Bentleyville, 2010, is a great place to catch the Christmas spirit, to say nothing of taking some interesting pictures with your camera, phone or whatever you have in your pocket. Above, you see a picture
I took of the Bentleyville version of Duluth’s Aerial Lift Bridge with an ore carrier about to go under. I don’t usually talk much about Photoshop; it has become a bad verb, but it showed me something about the pictures I took over there. In the top picture, it is very hard to see that the real Lift Bridge is just to the left of the Christmas ‘tree.’ I didn’t until I used the
shadow/highlight tool in Photoshop.

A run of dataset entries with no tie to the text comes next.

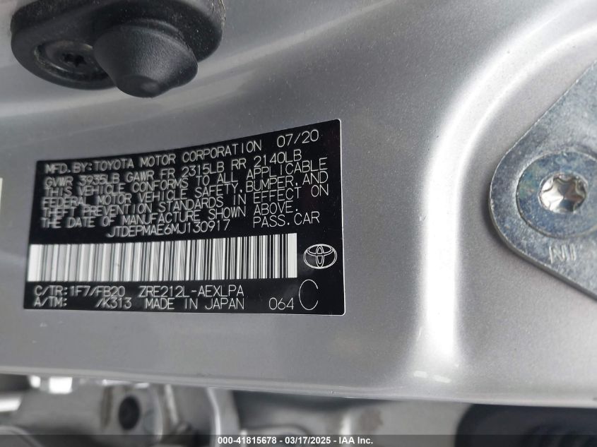 2021 TOYOTA COROLLA 2021 Gasoline, 1.8, Front wheel drive, VIN - JTDEPMAE6MJ****** from the USA
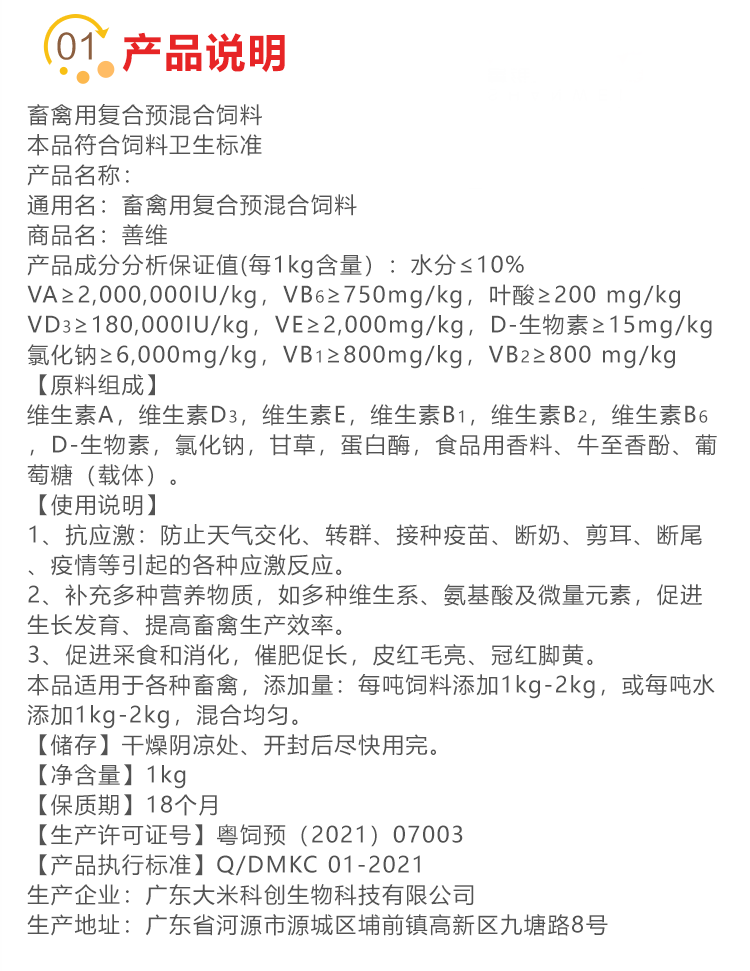 【善维】禽用复合氨基酸维生素1公斤
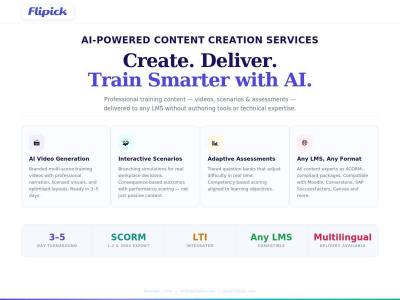 Flipick provides AI-powered training content creation services and enterprise learning technology, enabling organizations to build scalable learning ecosystems with professional videos, interactive scenarios, and adaptive assessments compatible with any LMS.
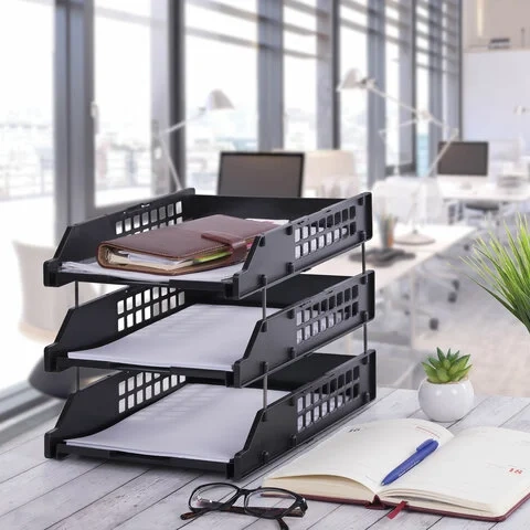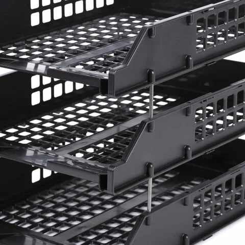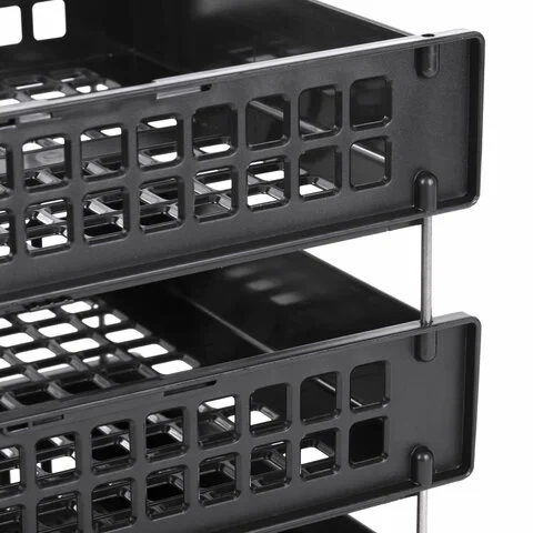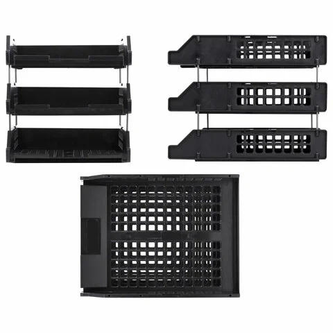 Изготовлены из прочного полистирола. Размер каждого (ГхШхВ) - 334х255х271 мм. Комплект из 3 лотков обладает устойчивой конструкцией, благодаря которой удобен для хранения объемных документов и папок. Выполнены в черном цвете.
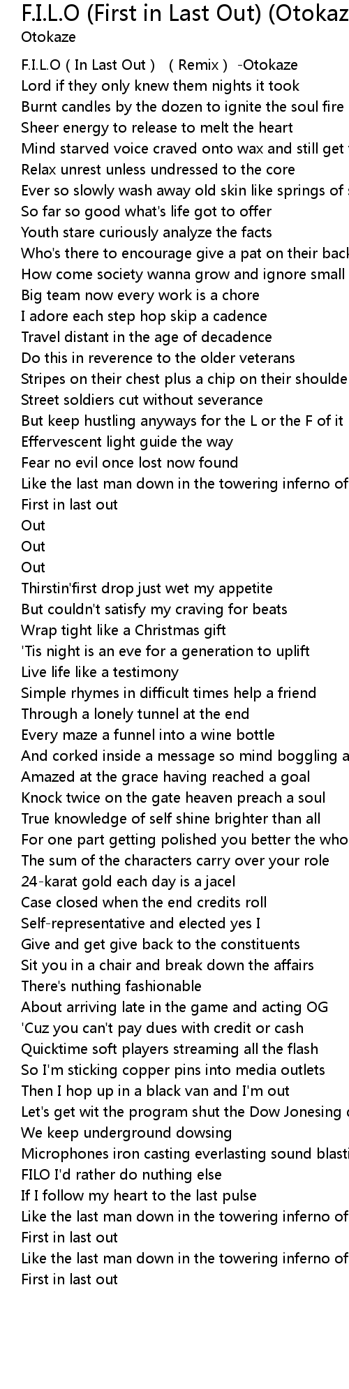 | [00:00.223] | F. I. L. O In Last Out Remix Otokaze |
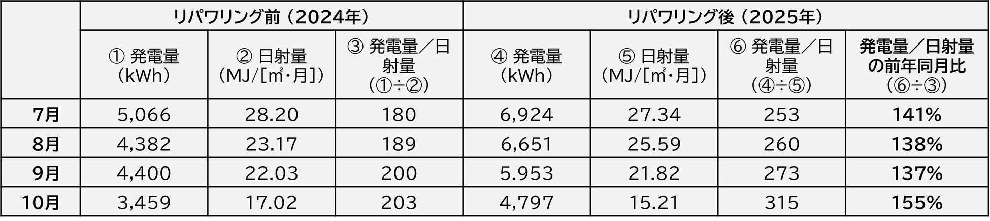 本案件では、既設の太陽光パネルおよびパワーコンディショナの更新を中心としたリパワリングにより、設備容量がほぼ同等(約1,063kW)であるにもかかわらず、リパワリング後の2025年7~10月の発電量は、前年同期比で月別に137~155%となり、大幅な発電量向上を達成しました。
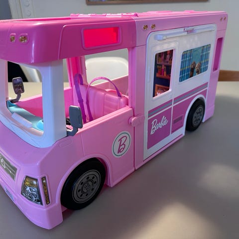 Settet består av et toetasjes hus med terrasse, basseng med sklie og utvendig trapp. Inne i huset er det innredning som senger, bord, stoler og baderom.
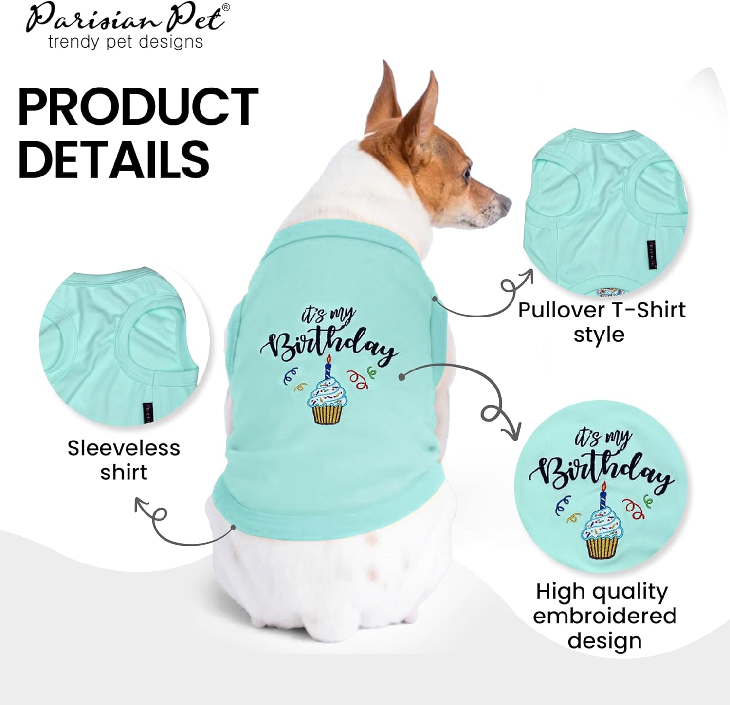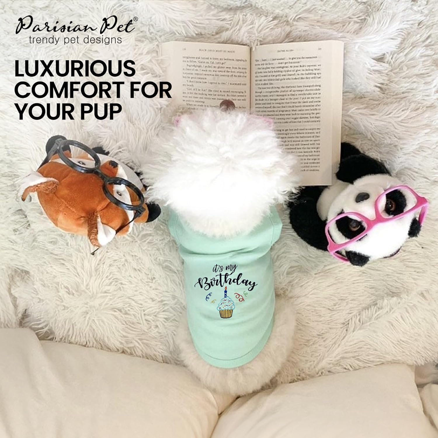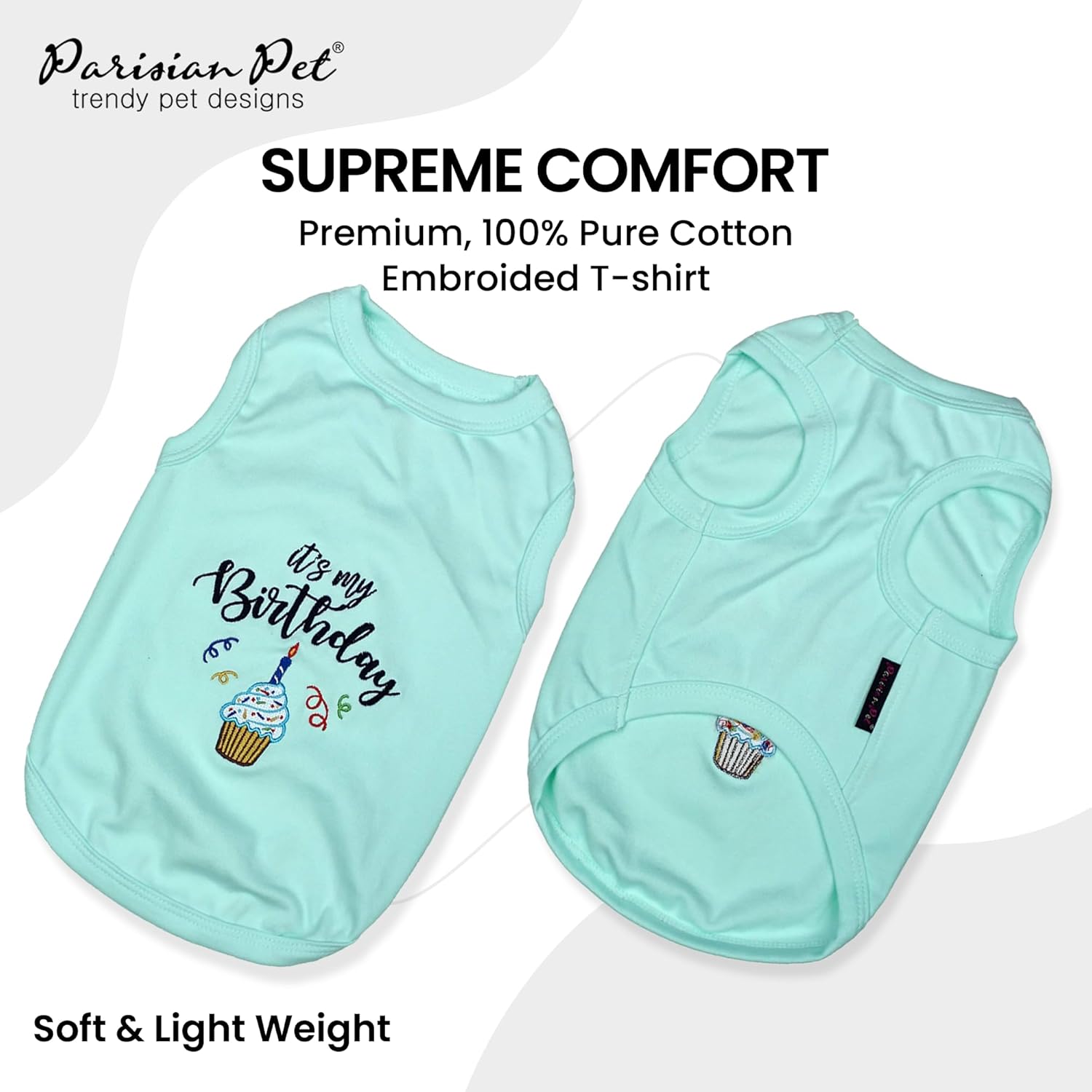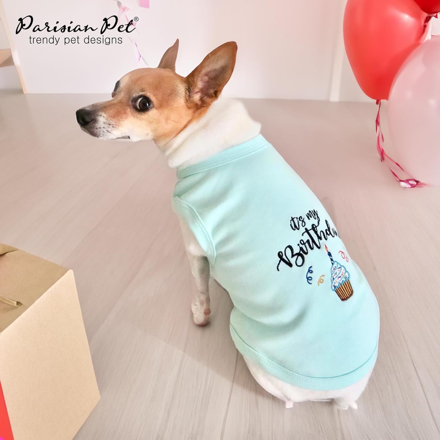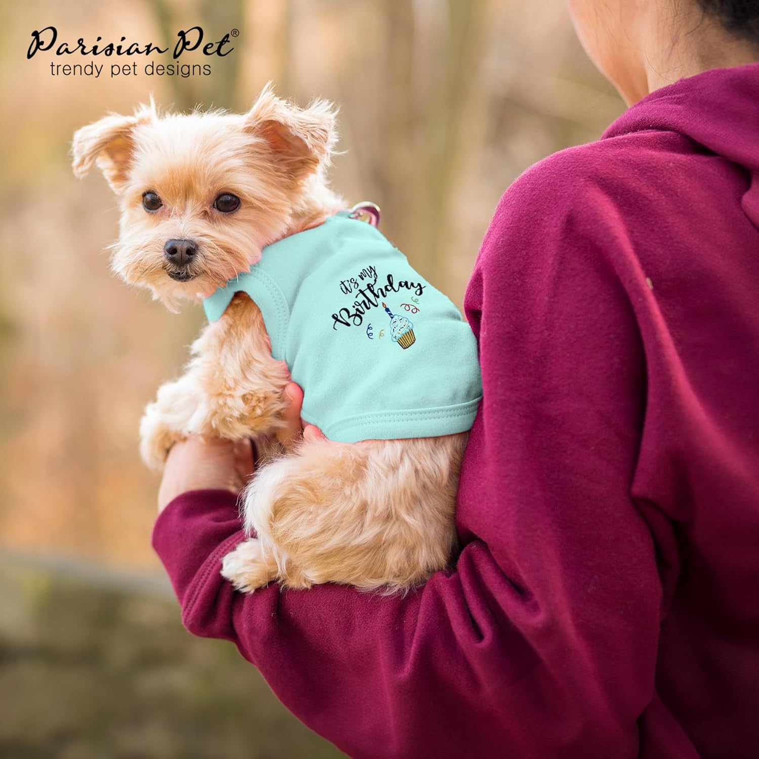 - [ UPGRADE PET STYLE WITH UNMATCHED QUALITY ] - Parisian Pet shirts for dogs are tailored with a round neckline and sleeveless design, birthday dog shirt is crafted to prioritize your pet's comfort above all. Made from 100% breathable cotton and meticulously stitched to perfection, the dog tshirt washable feature ensures effortless maintenance while preserving quality wash after wash. These dog t-shirts redefine luxury for your furry companion with unparalleled style and comfort with every wear.
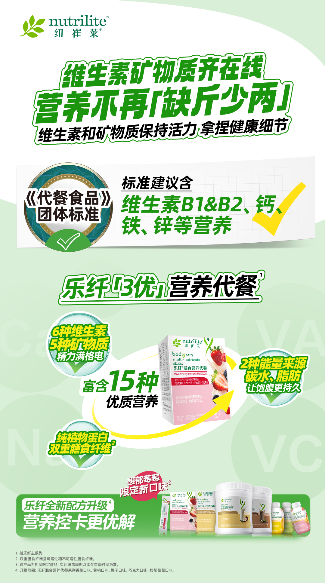 ✅乐纤「3优」营养代餐含多种维生素、矿物质
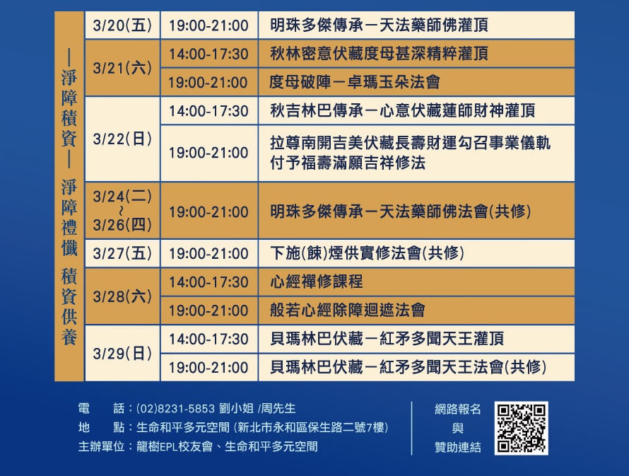 3/20-3/29 第三屆 藏傳佛教課程--淨障禮懺 積資供養 滿願健康

That tool magically found the real Lift Bridge, or quite literally brought the real bridge out of the shadows. So it is hard to say Photoshop changed reality; in this case, it found a little more reality.) 
But at the expense of messing up the nice black sky. Then I closed in on the bridge and found that my camera saw something I did not see, and I still don’t know exactly what that is.
These pictures were taken with a 1/3rd second exposure. If I had caught the bridge in motion, I assume the picture would be blurry. Does the camera have a memory of what it had seen just seconds or less before; I have no idea.